Cyber unit update. Kristina K. Littman, chief of the Division’s Cyber Unit, described recent actions taken by the Division and the two approaches used by the staff. One approach involves actions against entities offering digital tokens that meet the definition of a security but do not register the tokens as such or otherwise qualify for an exemption. In these types of cases, the entity may want to continue as a going concern and is given the opportunity to either register the tokens as securities or return money to harmed investors. A recent example of this type of enforcement action is the SEC’s lawsuit against Blockchain of Things, which had raised nearly $13 million in its digital token offering. As part of the settlement with the SEC, Blockchain of Things agreed to pay a $250,000 civil penalty. The company also agreed to return funds to investors and to register its tokens with the SEC, including making the requisite filings for securities.
The second approach outlined by Littman involves companies that do not wish to travel that route, in which case the Division’s approach is to get as much money back to investors as quickly as possible. A settlement in this scenario is likely to include a significant penalty, the establishment of a fair fund, and some sort of undertakings or conduct-based injunction aimed at preventing further harm to investors and the market. Littman cited Commission actions against Loci, Inc., Unikrn, Inc., and Boon.Tech.

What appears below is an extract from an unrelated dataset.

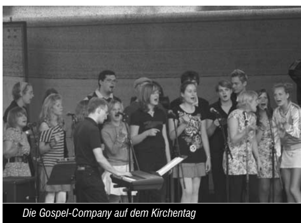
Die Gospel-Company auf dem Kirchentag

Das Chörchen und der Jugendchor Oldesloe erlebten vor kurzem einen begeisternden Workshop mit der Soul- und Gospelsängerin Love Newkirk. Die Amerikanerin war nach Oldesloe gekommen, um die nahezu 150 Sängerinnen
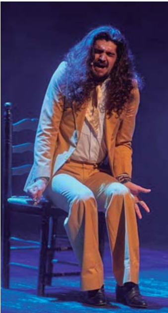
Israel Fernández

C on Ópera Flamenca , Israel Fernández junto a Diego del Morao, pretenden hacer su particular reivindicación y acercarnos un pedacito -musical- de esta época flamenca comprendida entre mediados de los años 20 hasta 1950, esa que para el cantaor toledano supone su mayor fuente de su inspiración. Siguiendo la propia filosofía de esta etapa, Israel se acerca a alguno de sus referentes pasándolos por su acentuatísima personalidad, haciendo valer su capacidad para refrescar lo antiguo sin llegar a perder ese aroma añejo. Diego por su parte es capaz de dotar el acompañamiento al canto de numerosos elementos nuevos, llevándonos ambos a un viaje en el tiempo lleno de colores nuevos por la edad dorada del canto flamenco. Todo ello aderezado por la cuidadísima dirección escénica de Herminia Navas.

In addition to disgorgement, these companies were ordered to pay $7.6 million, $6.1 million, and $150,000 respectively.
In addition to the Commission’s enforcement actions against companies offering unregistered digital tokens, the Division will continue to pursue illegal “touting” activities, Littman said. Celebrities are frequent “touters” of unregistered ICOs and receive compensation for their touting services.
While many of these touting cases have involved high-profile celebrity touters, others involve a paid-for platform to promote ICOs. An example of this type of enforcement action is the SEC’s case against Coinschedule. Visitors to Coinschedule.com were presented with information about digital tokens called “listing” profiles, which also included links to the token issuers’ own websites and a “trust score” that Coinschedule claimed reflected its evaluation of the “credibility” and “operational risk” for each digital token offering based on a “proprietary algorithm.” However, the token issuers actually paid Coinschedule to profile their token offerings on Coinschedule.com, which it failed to disclose.
Telegram and Kik—victories for Howey test. Many of the SEC’s cases against companies offering unregistered digital tokens stem from the 1946 Supreme Court decision SEC v. W. J. Howey Co. The Howey case outlines a test for determining what is an investment contract, and therefore a security, under federal law. Chief Litigation Counsel Bridget Fitzpatrick described how Howey is still relevant in determining whether a particular offering is a security in two recent cases involving digital tokens from Telegram and Kik. According to Fitzpatrick, both companies offered a similar defense as to why the digital tokens were not registered: “What? The law applies to me? How was I to know?” Fitzpatrick said both companies supposedly wanted the SEC to be more clear that the law actually applied to them.
Fitzpatrick said the court soundly rejected the defense by both companies that the Supreme Court’s decision was unconstitutionally vague as it applied to cryptocurrency. Judge Castel’s wrote a 44-page opinion in the Telegram case (a preliminary injunction opinion). In Kik, which was a summary judgment opinion in favor of the SEC, Fitzpatrick noted that the company actually went to the SEC’s regulatory counterpart in Canada. Kik was told by the Canadian regulators in response to Kik’s arguments that its tokens were securities that Canada also applies the Howey test, and told the company that it was pretty sure the tokens were securities under Canadian law and probably also in the U.S. Instead of going to SEC to figure it out, Kik went ahead and made the offering. The Southern District of New York agreed with the SEC that Kik’s tokens were indeed securities under Howey. Right now, Kik opinion is the seminal opinion on Howey arguments, Fitzpatrick said.